By the early 1900s, South Florida was becoming a prime destination for settlers. The region was an expanse of freshwater that farmers and settlers wanted to transform into farmable land. Canal-dredging projects drained water out of the Everglades (known as the River of Grass) and changed wetlands into land ready to be developed and farmed. As land opened up for such crops as sugar cane, tomatoes, beans, and potatoes, more settlers were attracted to the area, leading to further drainage. By 1927, 440 miles of canals, 47 miles of levees, and 16 locks and dams had been constructed throughout the region, according to CERP.

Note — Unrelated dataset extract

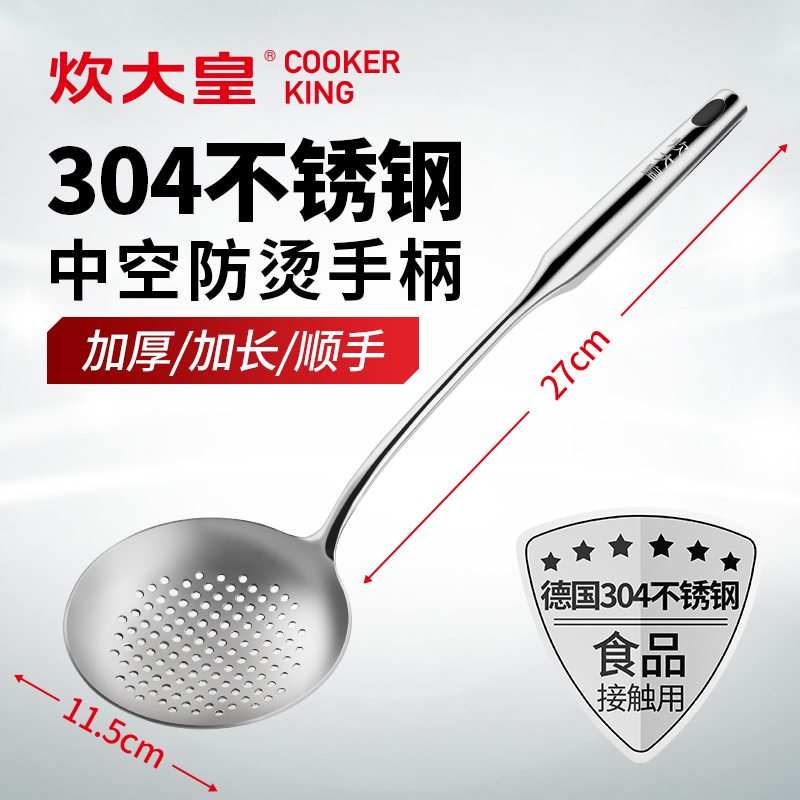 Cooking Grand Emperor thickening 304 stainless steel leaking spoon Home small assistant food-grade thermal insulation anti-scalding handle thickened leak spoon

The hurricane of 1928 accelerated changes in the Everglades. The storm's landfall resulted in massive flooding, saltwater intrusion, and thousands of deaths. Calls for federal assistance were immediate and prompted future projects that removed more water from the Everglades and built additional flood-protection structures to prevent such destruction from happening again. The Everglades as it had existed for centuries was drastically altered. The River of Grass would eventually shrink to half the size it was at the beginning of the century, according to the Southwest Florida Water Management District.

At about the same time, a grassroots effort developed into a political movement to protect what remained of the natural environment in South Florida. In 1934, Congress authorized creation of a national park in the Everglades, and in 1947, Everglades National Park was established "to conserve the natural landscape and prevent further degradation of its land, plants, and animals". But the infrastructure that was draining and channeling the region's wetlands by altering freshwater flow had already set in motion a series of disturbances that continue to affect the park's ecosystem today.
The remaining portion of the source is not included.